But before we can do that, it’s worth recapping how we got here because honestly, we did it to ourselves.
How did we get here
GDPR came about because we looked at data as a way to make targeting more effective. After all, the case study of Target figuring out a teenage girl was pregnant before her family did is now the stuff of marketing lore. Everyone figured that:
More data -> Hyper personalized targeting -> More conversion
The epitome of “the right message, at the right time” amiright?
Turns out, instead of always giving the customer what they were looking for - when they wanted it, what we did is create retargeting ads so those headphones you just bought on Amazon can follow you around the internet for the next 3 weeks. That’s a “We wanted flying cars, instead we got 140 characters” moment if there ever was one (thanks, Peter Thiel).

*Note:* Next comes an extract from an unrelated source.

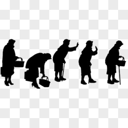 手绘卡通女儿陪伴年迈的母亲背影免抠素材
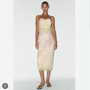Zara Strapless Tulle Tie Dye Midi Dress NWT Size Small

So where did everything go so wrong? After all, great marketing still requires the same 2 things it always did:
Delivered when the customer wants it
Great content comes from understanding consumers. This is where the obsession with consumer data came from.“ If we know what you had for breakfast, we know what to sell you for lunch.” This mindset is not only flawed, it was taken to the extreme.
Striking the balance
The fact is, personalization doesn’t really work that well. Well, it does. But there’s a limit to its effectiveness. According to Neil Patel, things like names and relevant suggestions may work because we think we are treating customers like humans they are, but the fact is any increase tops out at about 1% - 2% but more often than not using names actually decreases conversions.
Why? Because even though we think we are treating customers like they’re human, they know damn well that email is part of a blast to a list or the first in a line of drip campaigns.

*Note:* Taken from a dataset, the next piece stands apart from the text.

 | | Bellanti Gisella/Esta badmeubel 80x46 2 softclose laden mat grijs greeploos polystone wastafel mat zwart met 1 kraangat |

Neil (rightly) makes the point that depersonalizing marketing actually makes it more effective because a personalization token is no replacement for honest and authentic communication. People can smell that b.s from a mile away and they trust you less for being disingenuous.
That's right, what people want is to be spoken to in a voice that resonates with them. Not an automated email that uses their name with a 50/50 shot at getting the capitalization right depending on how it got added to the CRM.
Content is what makes the difference
While targeting is an important piece of good marketing, we believe it’s a small piece. What matters so much more is communicating with people on their terms. And believe it or not, that doesn’t require their Social Security Number, mother’s maiden name, favorite pet, internet history, or *gasp* contact information with affirmative consent or legal basis for contacting them.
In fact, you don’t need any personal data at all. What you need is to be observant and look into what your audience as a whole responds to. When you begin to tune into what your audience actuallylikes and build content around that, shockingly, they respond to it. A lot.
Instead of your 1% (maybe) personalization token lift, our clients like St. Regis are seeing a 72X increase in their social media engagement. And they are far from alone. On average when our new clients begin consistently implementing content insights into their marketing they see a 6.5X increase in their social media engagement metrics and click-through rate. Others are able to identify new opportunities for their content all together, or tailor their content strategies to new markets that have different tastes than their current customers.
And all of that requires exactly zero personally identifiable data.
That's why we've always believed the future of marketing looks like customers engaging with content from brands they legitimately love and getting products that add real value without getting sold out in the process. It’s better for customers, better for brands, and better for the marketers that get to make things their audience likes without having to work in a coffee powered content sweatshop.